Items from a data source:
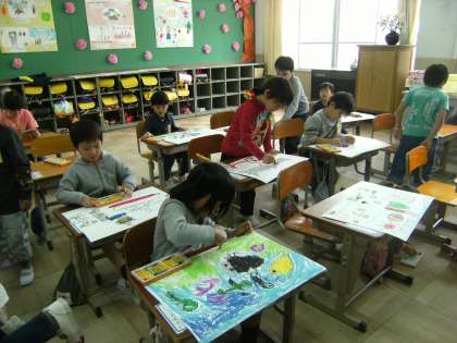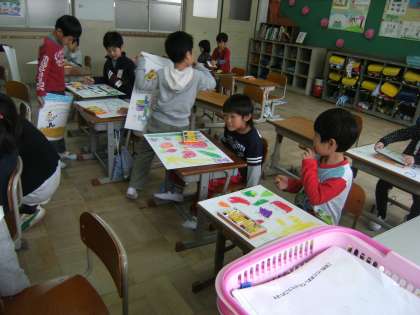 初めての図画工作です。「自分の好きな物」を決めて,自由に描きました。みんな最後まできちんと仕上げることができました。のびのびと描いている絵がたくさんあって,見ているこちら側も楽しくなりました。
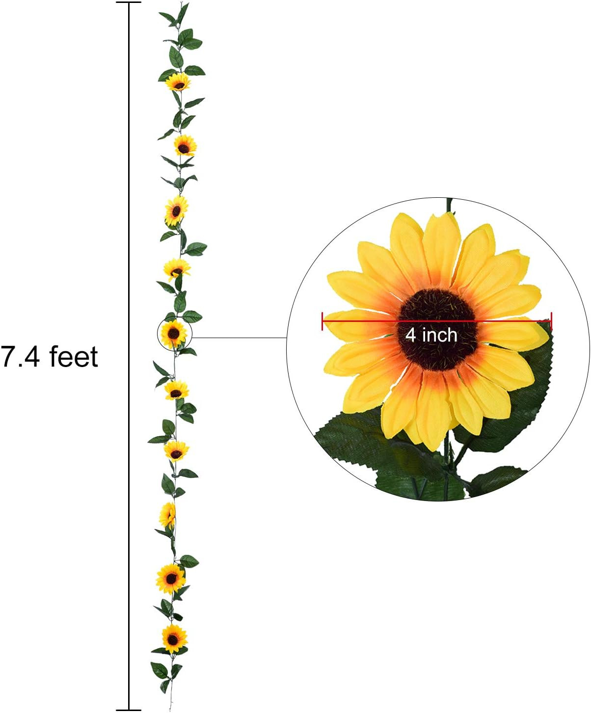 4 Pack Artificial Sunflower Garland - Silk Sunflower Vine Artificial Flowers Gar
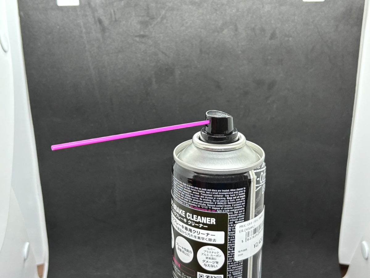 付属のノズルを取り付けてブレーキ周りに噴射して拭き取るだけ!
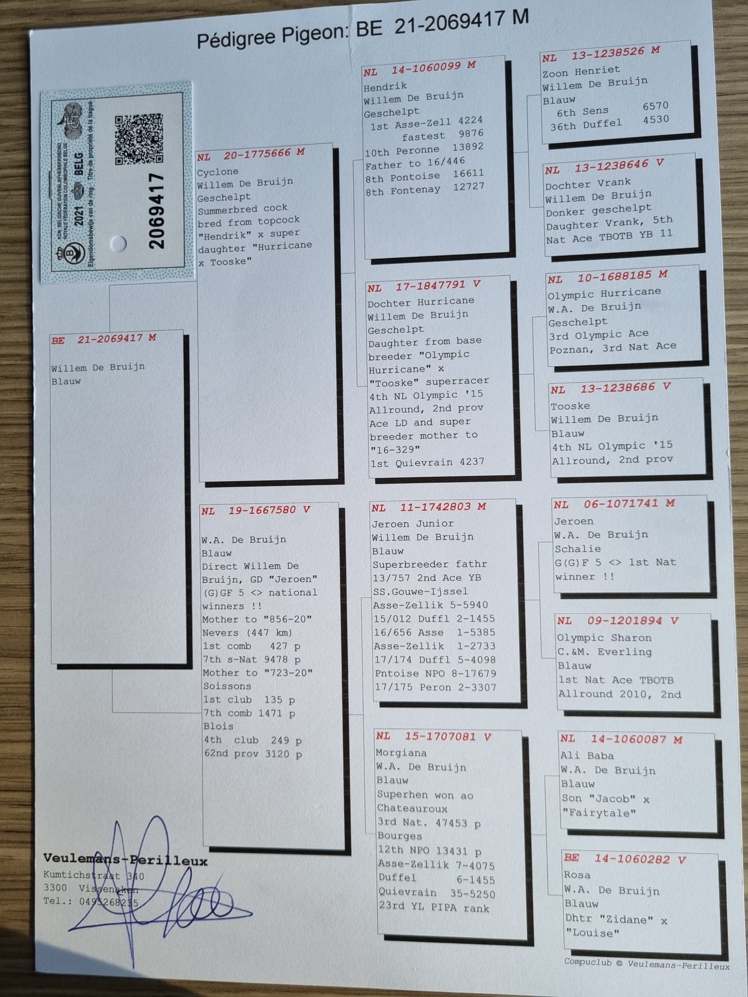Son from “Hendrik” 1st Asse 4.224b ( fastest from 9.876b ) x “Daughter Olympic Hurricane”
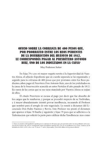 rrección de Huánuco de 1812, le correspondia pagar al Presbítero Antonio Ruiz, uno de los indultados en la Causa. Huánuco 28 de
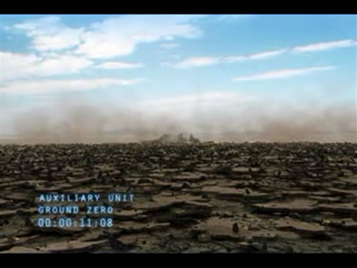 Everything moving is CG (birds, debris etc), everything still is from a photograph (mortal kombat, shanty, car).
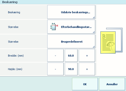 Du skal definere beskæringsindstillingerne for at kunne tilpasse den endelige størrelse af dit produkt. Hvis du ikke vælger [Udskriv beskæringsmærker], kan du ikke definere den nødvendige udskydning.
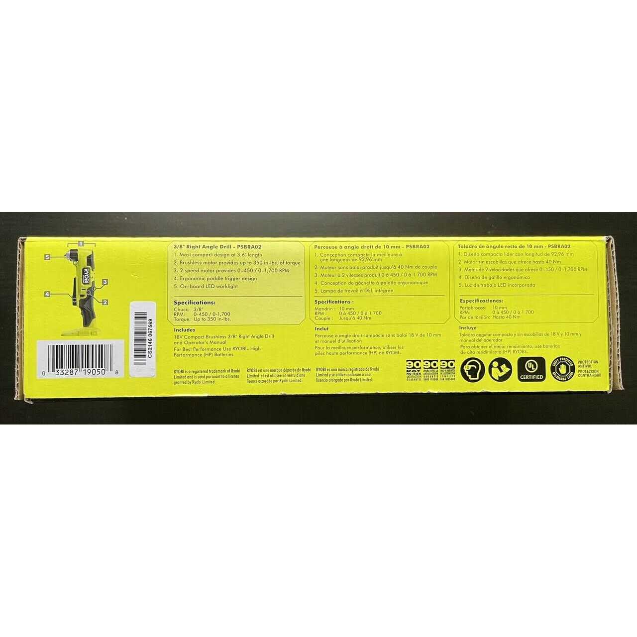 Ryobi One+ HP 18V Brushless Cordless Compact 3/8 in. Right Angle Drill (Tool Only)

Exercise aim:
Output the data above without changes, apart from leaving out the pictures.

Task answer:
 初めての図画工作です。「自分の好きな物」を決めて,自由に描きました。みんな最後まできちんと仕上げることができました。のびのびと描いている絵がたくさんあって,見ているこちら側も楽しくなりました。
 4 Pack Artificial Sunflower Garland - Silk Sunflower Vine Artificial Flowers Gar
 付属のノズルを取り付けてブレーキ周りに噴射して拭き取るだけ!
Son from “Hendrik” 1st Asse 4.224b ( fastest from 9.876b ) x “Daughter Olympic Hurricane”
 rrección de Huánuco de 1812, le correspondia pagar al Presbítero Antonio Ruiz, uno de los indultados en la Causa. Huánuco 28 de
 Everything moving is CG (birds, debris etc), everything still is from a photograph (mortal kombat, shanty, car).
 Du skal definere beskæringsindstillingerne for at kunne tilpasse den endelige størrelse af dit produkt. Hvis du ikke vælger [Udskriv beskæringsmærker], kan du ikke definere den nødvendige udskydning.
 Ryobi One+ HP 18V Brushless Cordless Compact 3/8 in. Right Angle Drill (Tool Only)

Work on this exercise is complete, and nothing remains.